The Walking Dead’s ratings may be on the decline but French-Canadian horror film, The Ravenous, shows there is still life in the zombie genre. French-Canadian filmmaker, Robin Aubert, serves as writer and director for The Ravenous, which debuted at the Toronto International Film Festival last September. While The Ravenous was praised by Canadian film critics, it has gone largely unnoticed among mainstream audiences. Fortunately, this Canadian hidden gem is now available for streaming on several platforms.
The Ravenous opens in rural Quebec, Canada, where an unexplained zombie outbreak has decimated the population. A handful of survivors have retreated from large cities to remote forests in the hopes of evading hordes of the infected. Aubert’s screenplay follows several characters whose paths eventually intersect as the infected hunt them across the countryside.
With The Ravenous, Aubert has shot a beautiful and meditative horror film. The rural, mist-covered Quebec countryside is gorgeously captured by Aubert with several well-framed, wide-angle shots throughout the film. In the more quiet moments, the film’s setting serves as almost a second character, giving The Ravenous an overall ominous feeling. While its pacing is deliberate and reflective, there are several incredibly tense moments that show Aubert has a knack for setting up scares. One scene where survivors must creep past a group of infected gathered in a field slowly builds to an almost unbearable level of dread. This is a zombie film and Aubert certainly does not disappoint with the undead gore; the violence is sparse but effective for the relatively smaller budget.
A Very Human Zombie Film
Like the best films in the zombie genre, The Ravenous is more focused on its human characters than its horde of infected. In contrast to The Walking Dead, Aubert’s screenplay is much less interested in the cruel and ugly side of humanity. Characters struggle with their humanity; one character remarks, “When you wake up in the morning and the first thing you do is kill someone, you know it’s a brand new world.” Yet Aubert allows these characters to maintain their humanity. Each character is given some arc that allows the audience to identify with and feel something when they’re placed in danger. Much of the film revolves around the characters’ need to reconcile their lost lives with a desperate need to find new connections. All of the acting performances are exceptional. Aubert does include one recurring character gag that doesn’t really fit with the tone of the film but it’s a minor complaint.
Over the last decade and a half, the horror genre has come close to reaching a saturation point with zombie films.

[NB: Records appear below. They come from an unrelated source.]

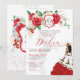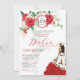 Convites Rosa vermelha Floral Crest Elegante Charra Quincea
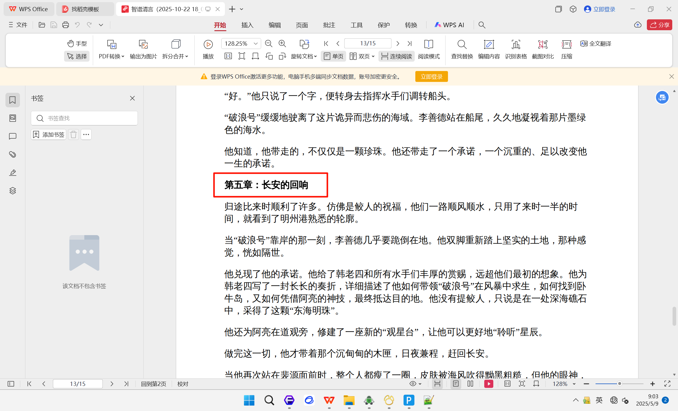 这题问错了,应该是有一个小说缺了几章,问一共缺了多少章。
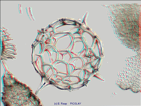 hier noch einmal Ergebnisse aus einem Bilderstapel von Eberhard Raap: Eine Radiolarie in 3D (für die Rot-Cyan-Anaglyphenbrille) von vorne und hinten:

There probably aren’t many ways left to re-imagine the characterization of the undead. The Ravenous most directly borrows from Danny Boyle’s 28 Days Later with its rapid, fast-moving zombies. Aubert wisely avoids offering any explanations for the zombie outbreak and he does manage to provide an interesting tweak to the formula by suggesting that the undead maintain some elements of conscious awareness. In a few scenes, for example, the infected congregate around towers of chairs and other possessions that they have seemingly arranged, staring aimlessly. No expository dialogue is offered leaving viewers to consider their own interpretations. Aubert clearly had something interesting to say when he made The Ravenous.
Don’t Let Subtitles Deter You
There are a lot of zombie films out there for horror fans, but The Ravenous is an excellent example of how the undead can keep lurching into movie theatres. Aubert’s film is a quiet but genuinely tense zombie offering that is well-acted and beautifully shot. Some potential viewers may opt to skip out due to the subtitles but you’re only cheating yourself out of a fantastic movie. The Ravenous is a zombie film that will have you thinking long after the final credits have finished rolling, which is the best type of zombie film.